The Constitutional Court unanimously rejected as unfounded the two appeals submitted by the UDR to the laws on education, it is stated in the press release of the Tskr.

Ligia Deca represents the laws of educationPhoto: INQUAM Photos / Octav Ganea

The decision comes after USR and Forza Dreptei challenged the new education laws in the Constitutional Court last month on the grounds that they contain several unconstitutional provisions, as they limit children’s right to education and violate the principle of equal rights. Among the provisions challenged in the Constitutional Court was the provision on admission to secondary school.

According to the press release of the UDR, the most “serious” provisions of the project are those aimed at “restricting” children’s right to education and violating the principle of equality. At the same time, USR and Forza Dreptei referred to the violation of the principle of legal certainty, predictability and clarity of norms, as the laws allegedly contain legislative “omissions”.

However, the judges of the CRS rejected the appeals regarding the Law on Higher Education and the appeals regarding the Law on Pre-University Education.

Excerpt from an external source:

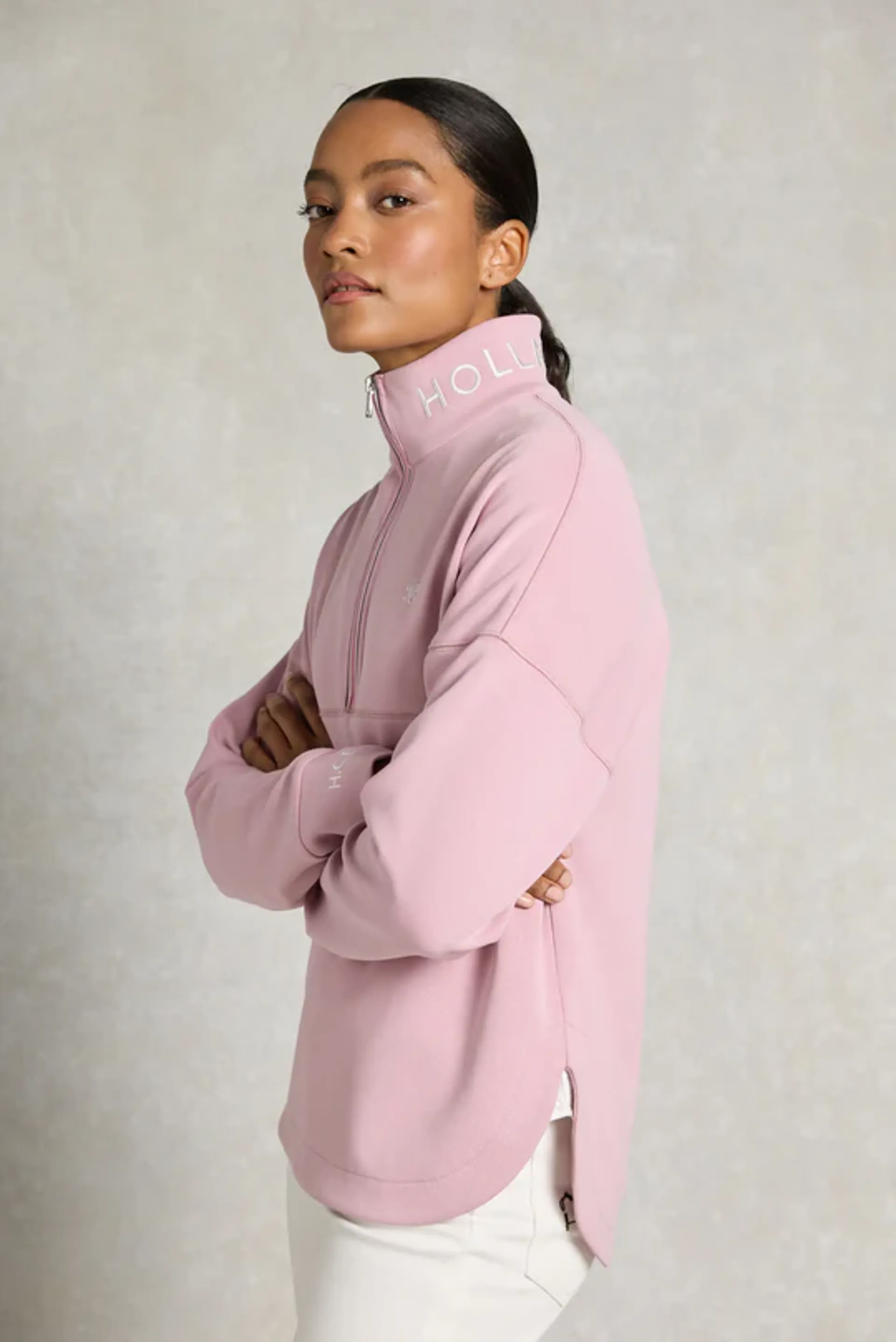 Question(s) answered about Holland Cooper Windsor Quarter Zip Sweat Ladies in Dawn Pink

Deca League’s reaction to CCR’s decision

Education Minister Ligia Deka welcomed the decision, writing on Facebook that it was “another victory for Romanian education! The Romania Educată legislative package also passed the constitutionality test.”

“The law on pre-university education and the law on higher education have tens of thousands of hours of development, hundreds of discussions with important partners in this field, thousands of analyzed comments and weeks of parliamentary debates behind them. A joint effort was made for such a necessary project for Romania.

I believe that the laws on education will transform the education system in Romania and bring it to the desired result. For my part, as a minister, I will do everything in my power to ensure that the goals are met and that our children learn in a quality environment based on fairness, respect and professionalism. Every student will have equal chances for development,” she added.

What the Constitutional Court says about the appeal of the Law on Pre-University Education:

“As for the criticism of external unconstitutionality, it was established that the legislative decisions entered into the body of law by the Senate, as the legislative chamber, were directly related to the object of the regulation of the law, so that the Senate retained its quality as a decision-making chamber. Therefore, there was no need to return the law to the Chamber of Deputies to make a final decision on the text of the law.

As for the criticism of internal unconstitutionality, it was found that they considered, in principle, legal provisions regarding the conduct of the educational process, responsibility and sanctions applied to students, awards granted to them, access to records made. through the system of audio-video surveillance of educational units, as well as the adoption, financing, management and ownership of educational units.

The court analyzed the constitutionality of these legislative decisions through the prism of constitutional provisions relating to the requirements of the quality of the law, the principle of equality, the right to intimate, family and private life, the right to education and the legal regime. public and private property and, taking into account the normative content of the law, established that the criticism of unconstitutionality formulated in this way is unfounded.

At the same time, he also emphasized in the content of the decision that aspects of legislative expediency, which are equally criticized, cannot be the subject of constitutionality control, as they are within the discretion of the legislator.”

The Central Committee’s response to the notification regarding the Law on University Education

“In essence, regarding the criticism of the alleged external unconstitutionality of the law, the Court established that it was adopted in compliance with the requirements of the parliamentary procedure regarding the institution of the return of the law, provided for in Article 75. clauses (1), (4) and (5) with reference to Article 73 paragraph (3) letter n) of the Constitution.

At the same time, the Court ruled that the quality criteria of the law are also met, the criticized provisions cannot affect the principle of legal security, predictability and clarity of norms, being, therefore, the provisions of Art. 1 paragraph (3) and (5) of the Constitution.

With regard to the criticism of an internal nature, specifically formulated in relation to the mentioned legislative provisions, the Court ruled that the principle of equality of rights is not violated, nor is the right to education affected through the prism of the provisions contained in the criticized law, which regulates the reduction of tariffs for various means of transport provided students, those that allow higher education institutions to establish various types of organizations that contribute to their productivity, or provisions that allow higher education institutions to redistribute certain amounts to achieve investment goals and/or to provide scholarships to students.

At the same time, the Court could not refrain from criticism, referring to the provisions of Article 148 of the Constitution, recognizing the provision of state aid as going beyond its competence.”